> _Dataset extract_:
[Start of section]

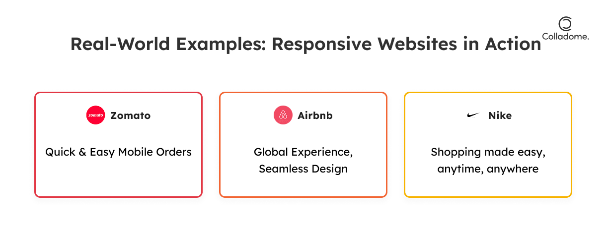 Zomato’s responsive web design is a prime example of mobile-first thinking. As a food delivery giant, they’ve made sure that their website is mobile-friendly and SEO optimized, offering users a seamless experience across all devices. Whether you’re browsing on a 6-inch phone or a 13-inch tablet, Zomato’s adaptive design ensures quick load times and easy navigation. This, in turn, helps them retain more users and reduce bounce rates, making them a leader in the competitive food delivery space. Zomato’s quick and easy-to-navigate platform keeps hungry users coming back for more—one-click ordering at its finest.
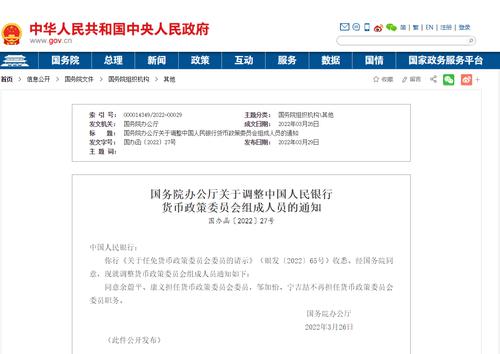 据中国政府网,国务院办公厅29日发布关于调整中国人民银行货币政策委员会组成人员的通知。
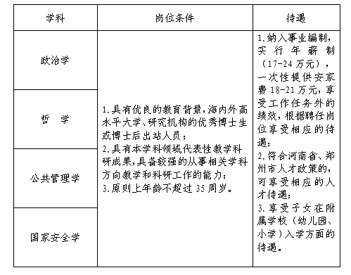 在哲学、政治学、公共管理学、国家安全学及相近学科设有高层次人才岗位,常年面向海内外招聘各类高层次人才,一经聘用,待遇从优。
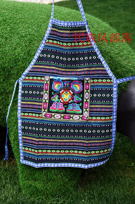 Yunnan ethnic style embroidery apron embroidered cotton and linen restaurant personalized work clothes apron waiter apron

[End of section]

> _What is being asked_: Repeat the whole of the material above exactly, but keep the pictures out.

> _Exercise response_:
 Zomato’s responsive web design is a prime example of mobile-first thinking. As a food delivery giant, they’ve made sure that their website is mobile-friendly and SEO optimized, offering users a seamless experience across all devices. Whether you’re browsing on a 6-inch phone or a 13-inch tablet, Zomato’s adaptive design ensures quick load times and easy navigation. This, in turn, helps them retain more users and reduce bounce rates, making them a leader in the competitive food delivery space. Zomato’s quick and easy-to-navigate platform keeps hungry users coming back for more—one-click ordering at its finest.
 据中国政府网,国务院办公厅29日发布关于调整中国人民银行货币政策委员会组成人员的通知。
 在哲学、政治学、公共管理学、国家安全学及相近学科设有高层次人才岗位,常年面向海内外招聘各类高层次人才,一经聘用,待遇从优。
 Yunnan ethnic style embroidery apron embroidered cotton and linen restaurant personalized work clothes apron waiter apron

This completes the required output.